Having heard the rival submissions and gone through the relevant material on record, it is seen that the assessee valued the shares under DCF method at Rs.1,024/- per share. The calculation of Rs.1,024/- per share has been given in the report of the Chartered Accountant from page 86 onwards. Page 89 gives the figures of projections, which constitute the basis of valuation, for the years ending 31-03-2015 to 31-03-2019 at Rs.109.79 crore, Rs.135.20 crore, Rs.143.88 crore, Rs.170.38 crore and Rs.174.66 crore. As against the above projections, the actual revenue of the assessee for these years is Rs.109.68 crore, Rs.146.77 crore, Rs.140.50 crore, Rs.181.74 crore and Rs.212.58 crore. This shows that the assessee, while determining the fair value of share at Rs.1024/-, projected the figures of revenue rather on a conservative side. The AO has simply discarded the assessee’s method of valuation under the DCF without pointing out any mistake therein and proceeded with the NAV method determining value at Rs.395/- per share.

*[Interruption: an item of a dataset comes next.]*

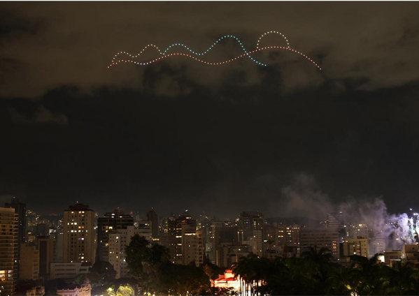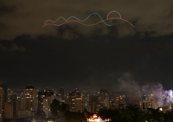 O momento da virada foi marcado por um espetáculo emocionante que combinou fogos de artifício de baixo ruído, com cerca de 5.500 disparos, e um show aéreo com aproximadamente 300 drones. As luzes desenharam no céu símbolos afetivos da cultura mineira, como o queijo, o pão de queijo quentinho, a música, as montanhas, o Mineirão, o café e outros ícones que arrancaram aplausos e emoção do público.
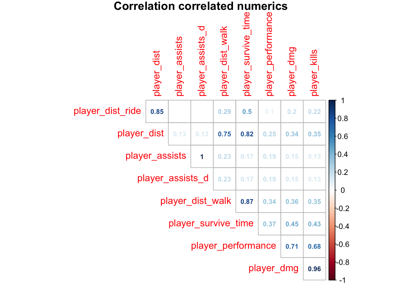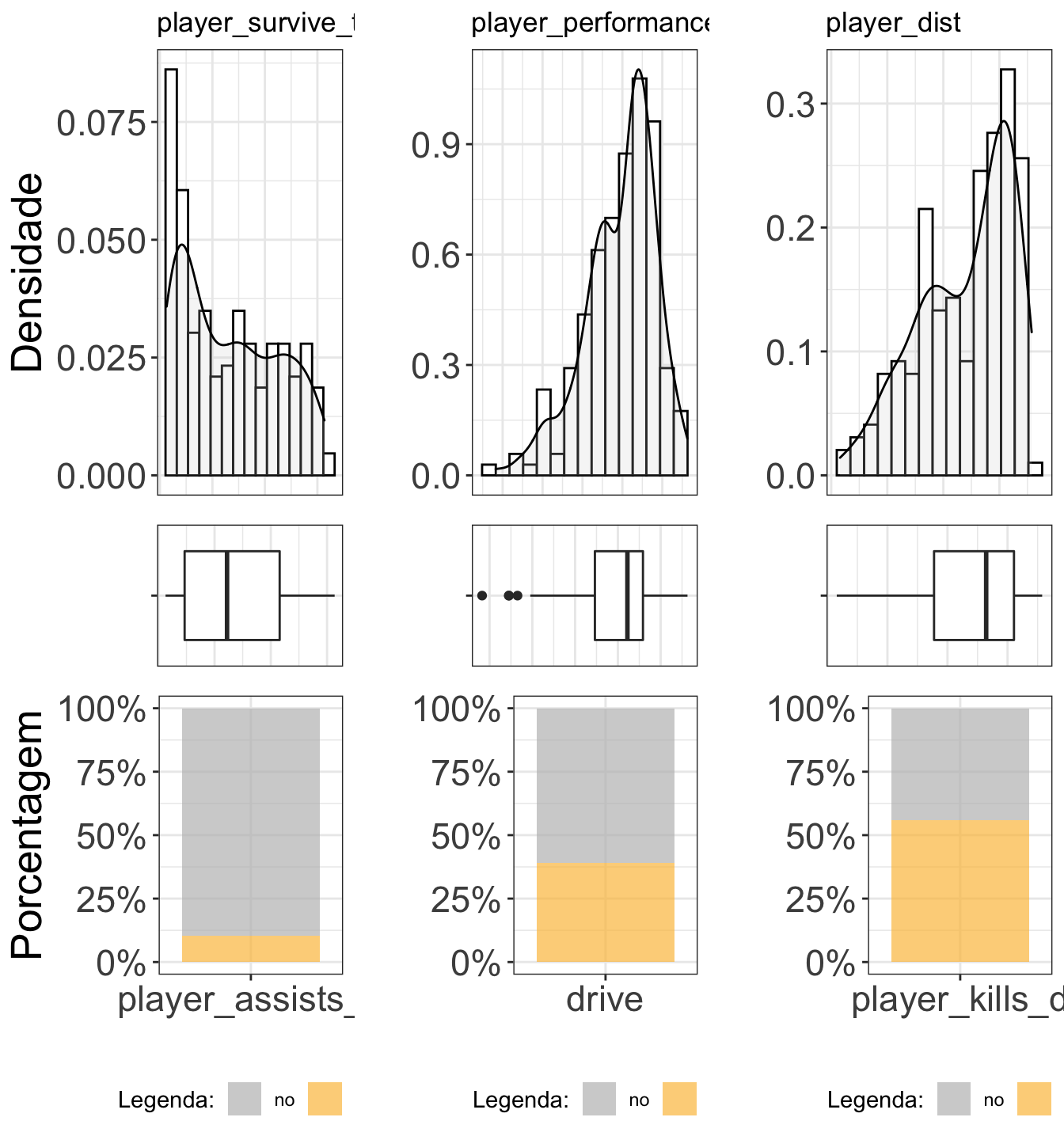 Como era de se esperar, o risco de ser abatido diminui para jogadores que possuem melhor performance e também para os jogadores que percorrem maiores distâncias (o que mostra que ficar parado no jogo em uma zona pode não ser a melhor ideia, já é quanto mais se movimenta maior a quantidade de itens que podem ser coletados).

At this stage, a useful reference can be made to the judgment of the Hon’ble jurisdictional High Court in Vodafone M-Pesa Limited Vs. PCIT (2018) 256 Taxman 240 (Bom.). In that case, the AO raised the demand by changing method of valuation of shares issued at premium from the Discounted Cash Flow to Net Asset Value (NAV) method. The Hon’ble High Court, ruling in favour of the assessee, held that “the AO is undoubtedly entitled to scrutinize the valuation report and determine a fresh valuation either by himself or by calling for a final determination from an independent valuer to confront the petitioner. However, the basis has to be the Discounted Cash Flow method and it is not open to him to change the method of valuation which has been opted for by the assessee”.
Adverting to the facts of the instant case, it is seen that the assessee adopted the DCF method and determined the value of share at Rs.1,024/-. As against that, the shares were issued only at premium of Rs.900/-. Since the AO has not found out any flaw in the calculation done by the Valuer under the DCF method, which is rather on a conservative side, it is held that the same has to be accepted. We, therefore, overturn the view taken by the ld. CIT(A) on this score and order to delete the addition.
In the result, the appeal is allowed. Order pronounced in the Open Court on 21st November, 2022.